Search code examples
c#office-interop

c# ms word get visible text


I'm trying to obtain the text shown in a MS Word window in C# using Microsoft.Office.Interop.Word. Please note it's not the whole document or even the page; just the same content the user sees.

The following code seems to work with simple documents:

Application word = new Application();
word.Visible = true;
object fileName = @"example.docx";
word.Documents.Add(ref fileName, Type.Missing, Type.Missing, true);

Rect rect = AutomationElement.FocusedElement.Current.BoundingRectangle;

Range r1 = word.ActiveWindow.RangeFromPoint((int)rect.Left, (int)rect.Top);
Range r2 = word.ActiveWindow.RangeFromPoint((int)rect.Left + (int)rect.Width, (int)rect.Top + (int)rect.Height);
r1.End = r2.Start;

Console.WriteLine(r1.Text.Replace("\r", "\r\n"));

However, when the document includes other structures such as headers, only parts of the text are returned.

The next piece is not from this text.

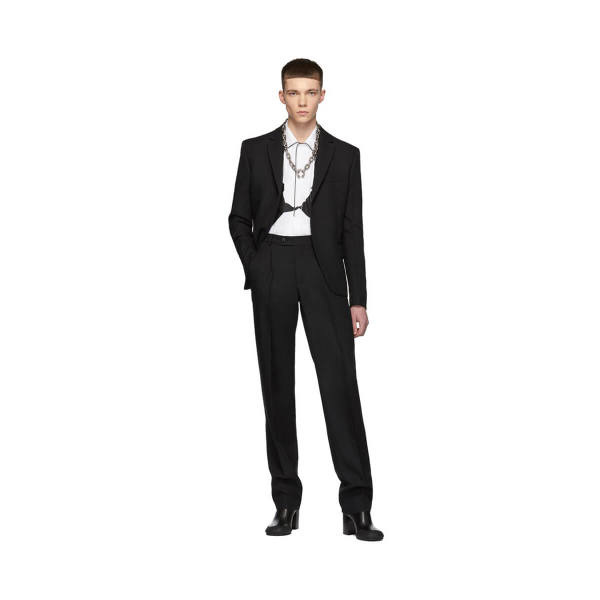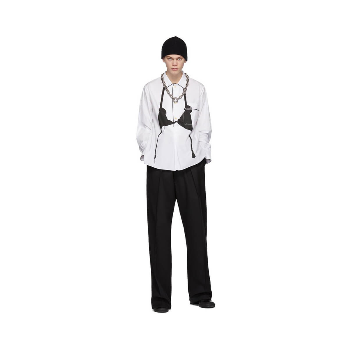 The just-dropped, third instalment of Random Identities was made for the ardent Pilato fans who were in awe of his pristine Zegna tailoring skills, though now at a more accessible price-point. Titled Tailoring, it’s formalwear, cut with precision and carrying classic suiting sensibilities. Revere-collared, white PJ shirts, printed with a graphic of a bra sell for £150, whilst wide-legged trousers, cut low at the crotch, respectively stand at £205. Tailored staples from Pilati’s own archive are refracted through a Berlin-tinged lens. A stand-out blazer, shoulders padded to 80s volumes, is as Berghain-ready as it is for the board room. This multi-purpose outlook on designing filters through to a six button, double breasted suit. A personal favourite of Pilati for its “inter-seasonal chic look when combined with flat front pants”.

So, what's the correct way to achieve this?

Thanks a lot!

Updated Code

Rect rect = AutomationElement.FocusedElement.Current.BoundingRectangle;

foreach (Range r in word.ActiveDocument.StoryRanges) {
    int left = 0, top = 0, width = 0, height = 0;
    try {
        try {
            word.ActiveWindow.GetPoint(out left, out top, out width, out height, r);
        } catch {
            left = (int)rect.Left;
            top = (int)rect.Top;
            width = (int)rect.Width;
            height = (int)rect.Height;
        }
        Rect newRect = new Rect(left, top, width, height);
        Rect inter;
        if ((inter = Rect.Intersect(rect, newRect)) != Rect.Empty) {
            Range r1 = word.ActiveWindow.RangeFromPoint((int)inter.Left, (int)inter.Top);
            Range r2 = word.ActiveWindow.RangeFromPoint((int)inter.Right, (int)inter.Bottom);
            r.SetRange(r1.Start, r2.Start);

            Console.WriteLine(r.Text.Replace("\r", "\r\n"));
        }
    } catch { }
}

Solution

  • There may be some problems with this:

    • Its not reliable. Are you truly able to get consistent results each time? For example, on a simple "=rand()" document, run the program 5 times in a row without changing the state of Word. When I do this, I get a different range printed to the console each time. I would first start here: there seems to be something wrong with your logic for getting the ranges. For example, rect.Left keeps returning different numbers every time I execute it against the same document left alone on screen
    • It gets tricky with other stories. Perhaps RangeFromPoint cannot
      extend across multiple story boundaries. However, lets assume it does. You would still need to enumerate each story e.g.

    enumerator = r1.StoryRanges.GetEnumerator(); { while (enumerator.MoveNext() { Range current = (Range) enumerator.Current; } }

    Have you tried to look at How to programmatically extract the text of the currently viewed page of an Office.Interop.Word.Document object ?